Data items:
____

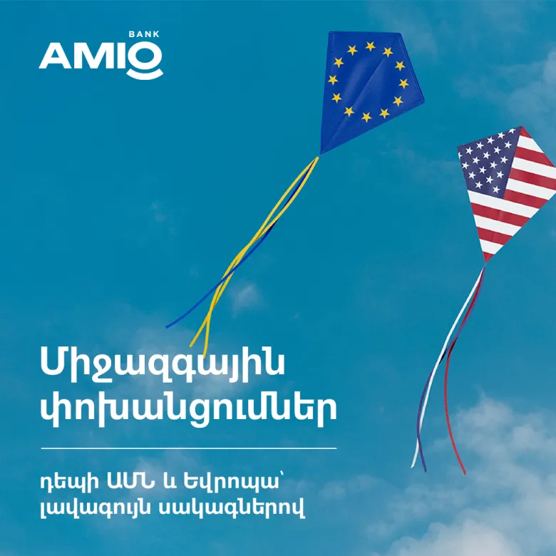Դեպի ԱՄՆ և Եվրոպա փոխանցումների համար Ամիօ բանկում մեկնարկած ակցիայի շրջանակում գործում են բացառիկ սակագներ.
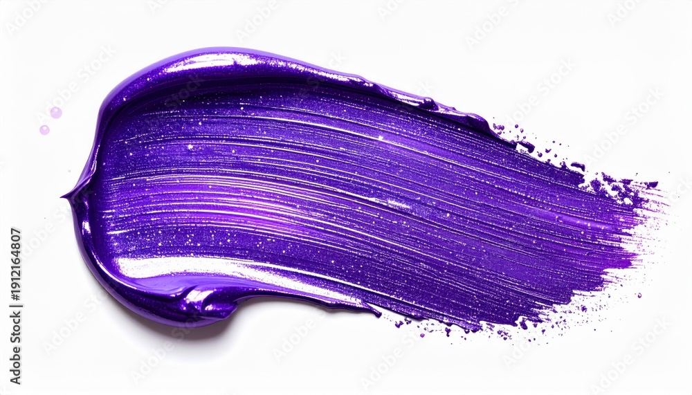 • Vibrant violet purple liquid eyeshadow stroke with metallic glow and fine shimmer on isolated white background. Professional decorative cosmetics and bold evening makeup concept
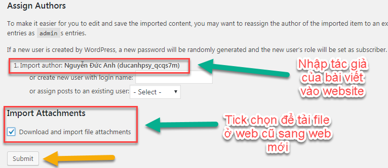 Bạn sẽ nhập khẩu các tác giả của các bài viết đang được chuyển (chỗ import author) sang web mới, mặc định các tác giả này sẽ giữ vai trò subscriber (thành viên đăng ký).
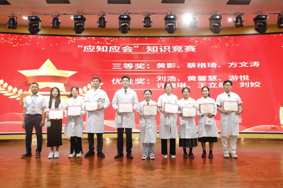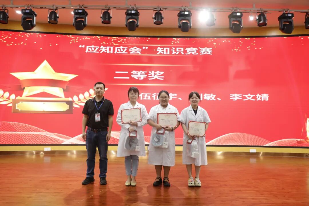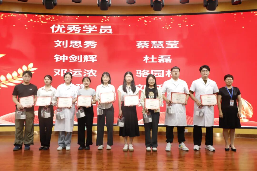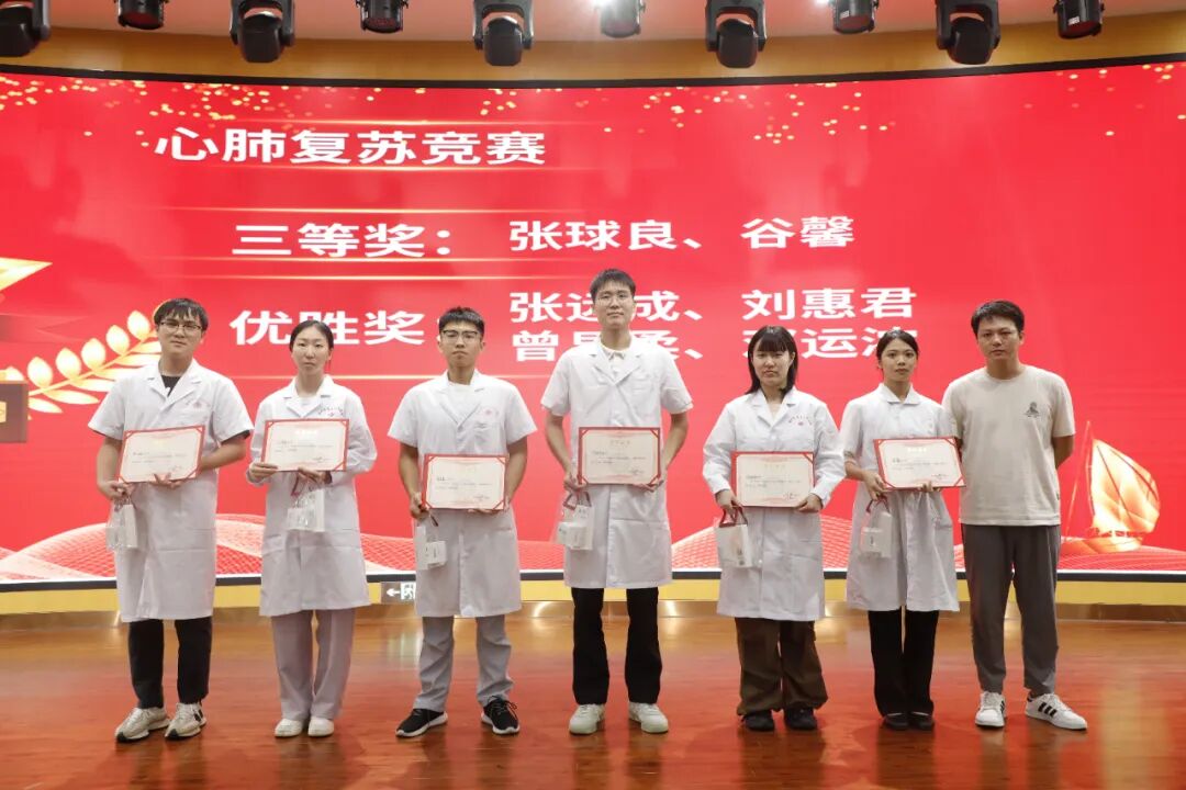 活動首先進行了頒獎儀式。醫(yī)院黨委書記肖純、專職副書記楊燕媚、黨委辦主任楊海康、藥學部主任葉立新、院感部主任張麗梅、護理部主任李林枝、數(shù)據(jù)中心主任郭海平作為頒獎嘉賓,為學員們頒發(fā)了“優(yōu)秀學員”、“優(yōu)秀班干部”、“優(yōu)秀班級”、“應(yīng)知應(yīng)會知識競賽”、“心肺復(fù)蘇比賽”等獎項,并送上溫馨小獎品。
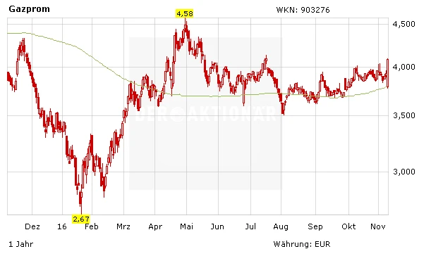 Die Aktie von Gazprom legt im heutigen Handel kräftig zu. Konkrete Unternehmensmeldungen des Erdgasriesen gab es nicht. Auch innerhalb der Branche gibt es heute keinerlei Grund für Euphorie. Allerdings präsentieren sich heute nahezu alle russischen Aktien in guter Verfassung – wohl wegen Donald Trump.
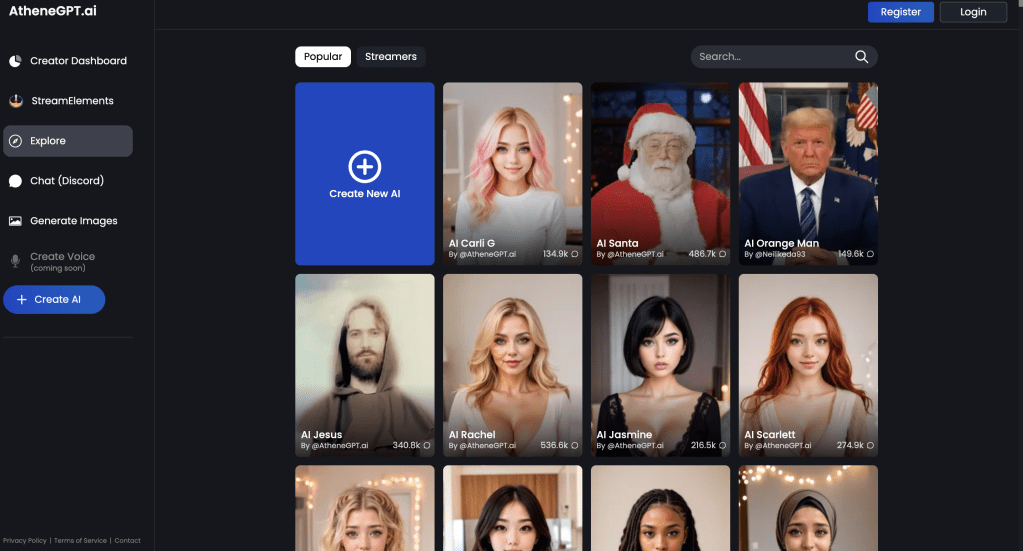 Tout comme il est possible de converser avec des centaines d’autres intelligences artificielles représentant par exemple le père Noël, Donald Trump, des femmes et des hommes aux apparences réelles ou animées. Passé quelques minutes, le site vous demande de vous enregistrer. Pour ce faire, pas possible de créer un nouveau compte. Il faut obligatoirement passer par un site tiers, tel que Google, Facebook, Apple, Twitch… En se connectant via un de ces comptes, le site risque de récupérer vos informations personnelles. Qui sait où elles iront ensuite.
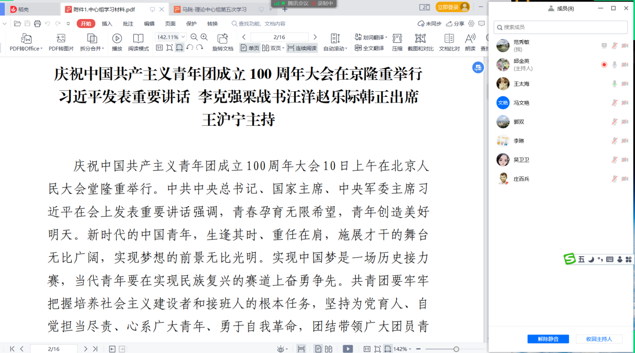会上,以总支委员领学的形式集中学习了“习近平总书记在庆祝中国共产主义青年团成立100周年大会上的重要讲话精神”等专题内容。在研讨交流环节邱金英、郭双分别做了交流发言。
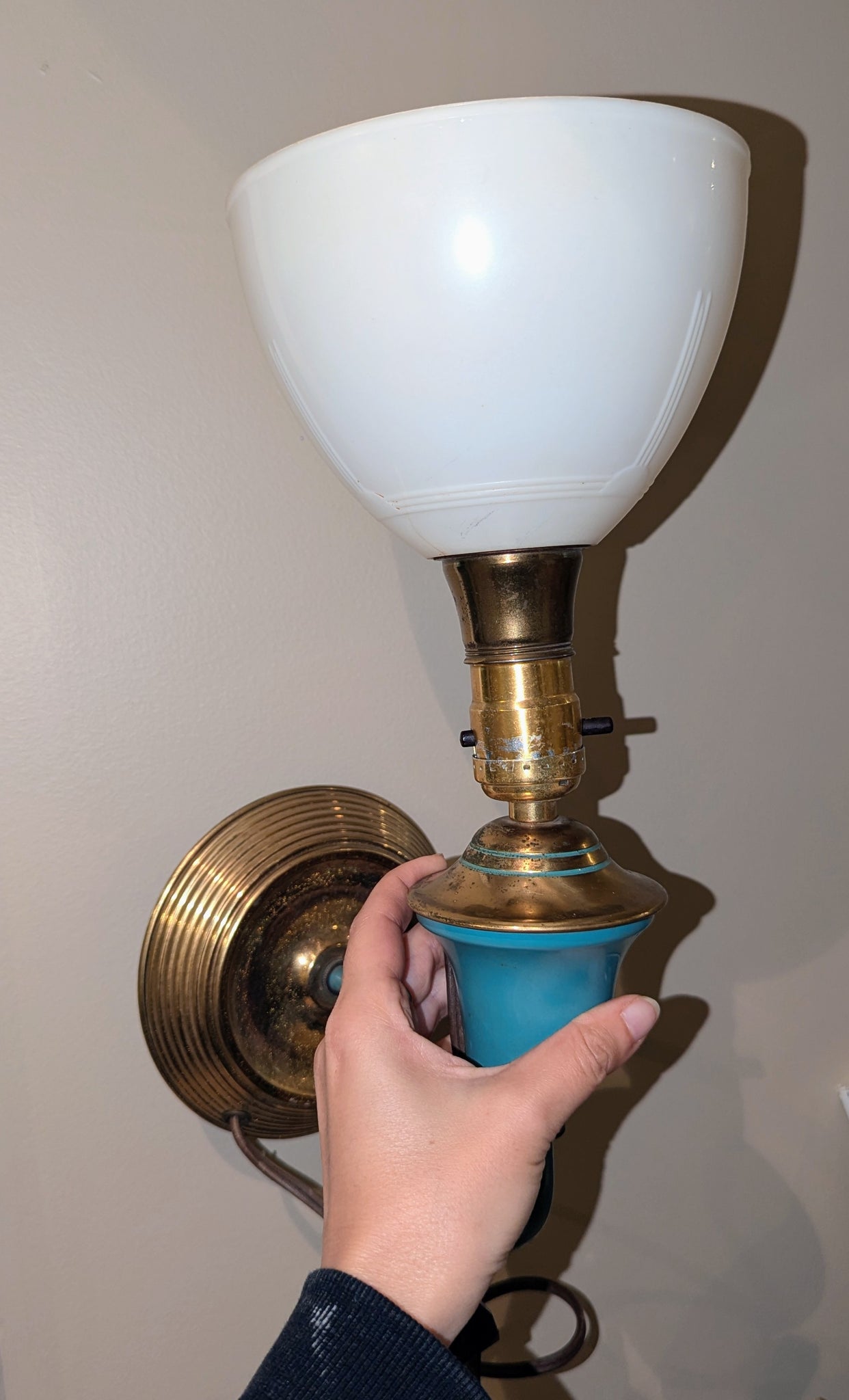Genuine MCM wall sconce by Elite Electric Co. (Hydro-Electric Power Commission approved, Canada). Features a beautiful turquoise enamel arm and base, polished brass socket and wall plate, and an original white plastic lampshade with deco ridge detail. Classic 1950s color palette and elegant MCM curves.
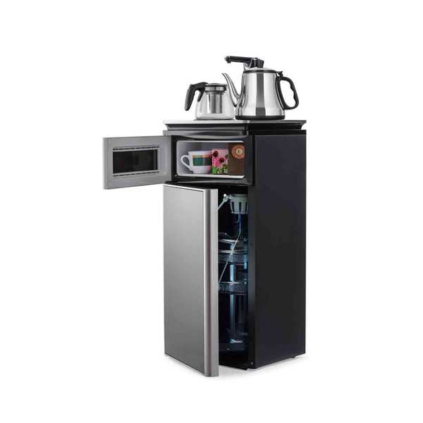 Оригинальное исполнение кулера с нижней загрузкой бутыли состоит из заварочного и электрического чайников, сенсорной панели управления, удобного крана подачи воды и шкафчика для хранения. Яркая световая индикация и информативный дисплей на сенсорной панели сообщат о текущем температурном режиме и подключении к сети. Встроена защитная система от случайного нажатия и система подогрева заварного чайника, которая позволяет поддерживать температуру до 24 часов.
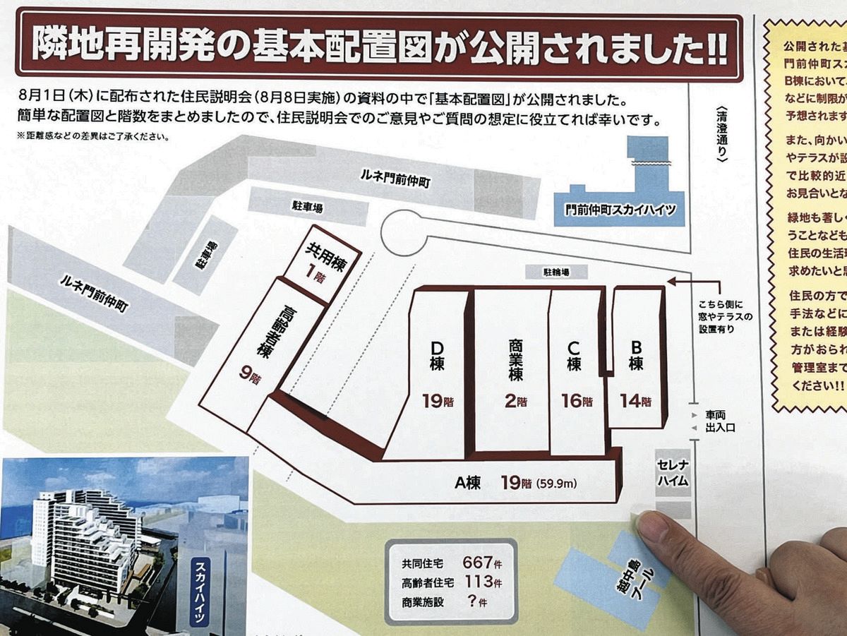住民の会が地元住民のために作成した、建物の配置と計画概要の掲示。川に沿って横長の1棟、清澄通りと並行に階段状の3棟、商業棟、サ高住が計画されている
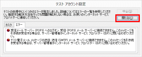 「閉じる」ボタンをクリックし、次の手順に進みます。 - 「テストの処理中にいくつかのエラーが発生しました」と表示された場合
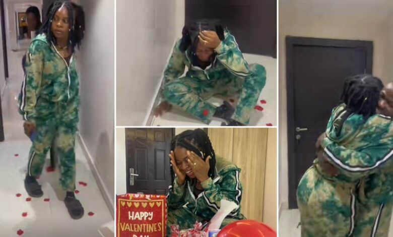“Best gift ever” – Lady ecstatic as US-based husband flies down to Nigeria to surprise her (Video)
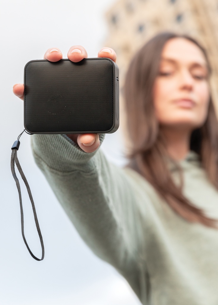 Tasku suurus ja võimas 3 W juhtmevaba kõlar, mis on valmistatud RCS-i (Recycled Claim Standard) sertifitseeritud ringlussevõetud ABS-ist Kogu taaskasutatud sisaldus: 49% eseme kogukaalust. RCS-sertifikaat tagab taaskasutatud materjalide täielikult sertifitseeritud tarneahela. Sellel suurepärasel kõlaril on IPX 7, nii et see talub vett ja sobib ideaalselt randa või basseini kandmiseks. Kõlar kasutab BT5.1, mis võimaldab kuni 6 tundi esitusaega. Urban Vitamin tooted on valmistatud ilma PVC-ta ja pakendatud vähendatud plastikpakendisse. Kaasa arvatud C-tüüpi laadimiskaabel, mis on valmistatud RCS-sertifikaadiga taaskasutatud TPE-st.
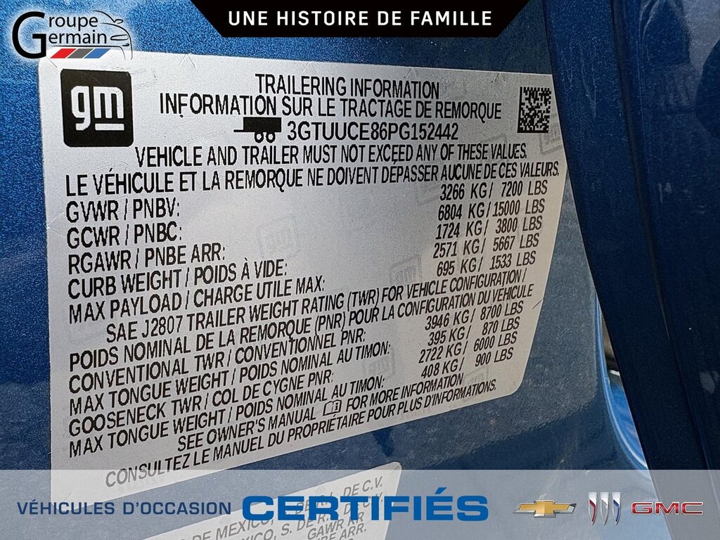 *** JAMAIS ACCIDENTÉ *** UN SEUL PROPRIÉTAIRE *** PNBV 7200 LBS Rapport Pont-Arrière de 3.23 Capacité de remorquage de 9,000 LBS Groupe remorquage, Emblemes noir, Volant et sièges chauffants, Contrôleur de frein remorque, Démarreur à distance. Il s'agit d'un véhicule Certifié. Germain Chevrolet vous protège avec une garantie améliorée à 3 mois/5000km. Le véhicule est inspecté en 155 points. Avec cette inspection, nous sommes en mesure d'améliorer la garantie légale de 1 mois 1700KM. À l'achat de votre nouveau véhicule d'occasion chez Germain Chevrolet, vous en obtenez plus... en prime une tranquilité d'esprit. TOUJOURS OUVERT LE SAMEDI DE 9H À 12H
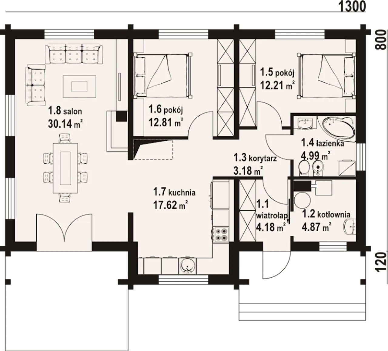 Wypełnij formularz i otrzymaj rysunki w pdf z dokładnymi wymiarami budynku i pomieszczeń (długość, szerokość, wysokość) dla projektu Bolesławice 7 dw
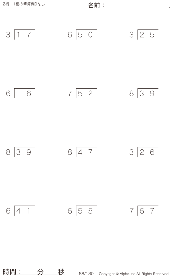 2桁÷1桁の筆算(商0なし) [問題]088/180
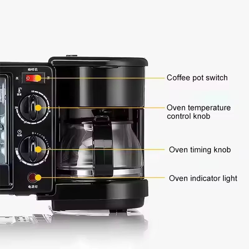 Multifunction Electric Breakfast Maker Fry Pan Coffee Machine Toaster Oven
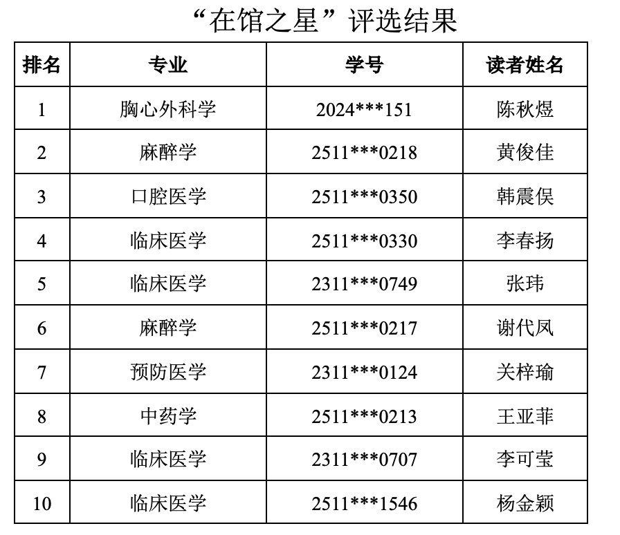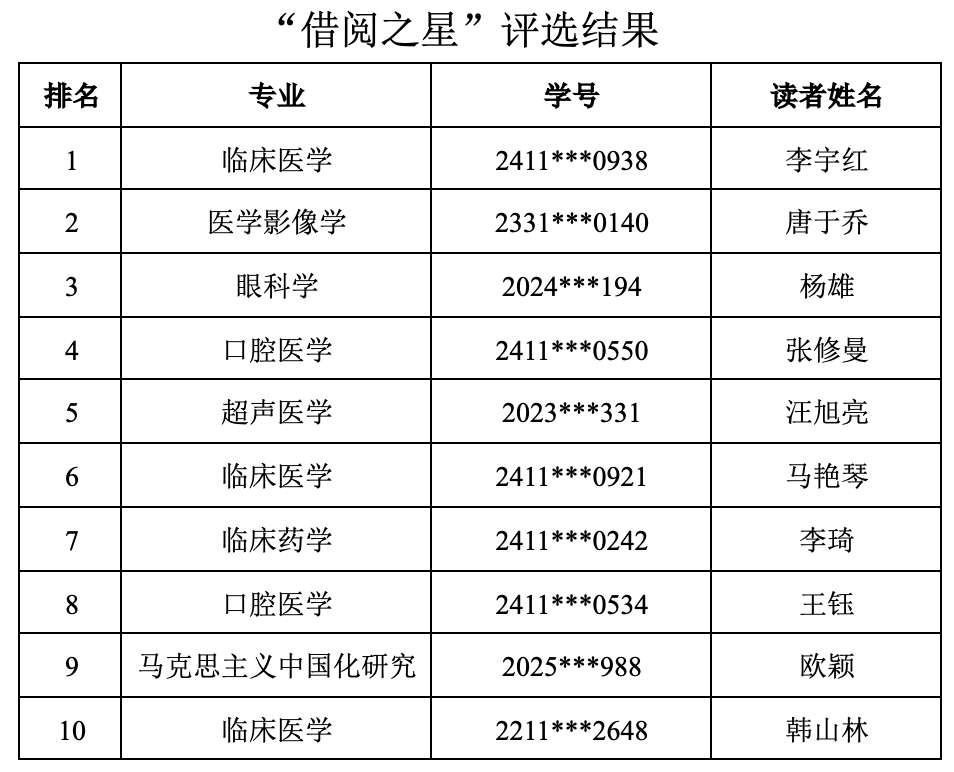 2025年9月“借阅之星”“在馆之星”评选的活动结果如下:

____

WORK TASK: Could you please write out exactly the lines from the start of the entries above through the line that holds "Bạn sẽ nhập", both included, with no pictures?

ANSWER BELOW:
Դեպի ԱՄՆ և Եվրոպա փոխանցումների համար Ամիօ բանկում մեկնարկած ակցիայի շրջանակում գործում են բացառիկ սակագներ.
 • Vibrant violet purple liquid eyeshadow stroke with metallic glow and fine shimmer on isolated white background. Professional decorative cosmetics and bold evening makeup concept
 Bạn sẽ nhập khẩu các tác giả của các bài viết đang được chuyển (chỗ import author) sang web mới, mặc định các tác giả này sẽ giữ vai trò subscriber (thành viên đăng ký).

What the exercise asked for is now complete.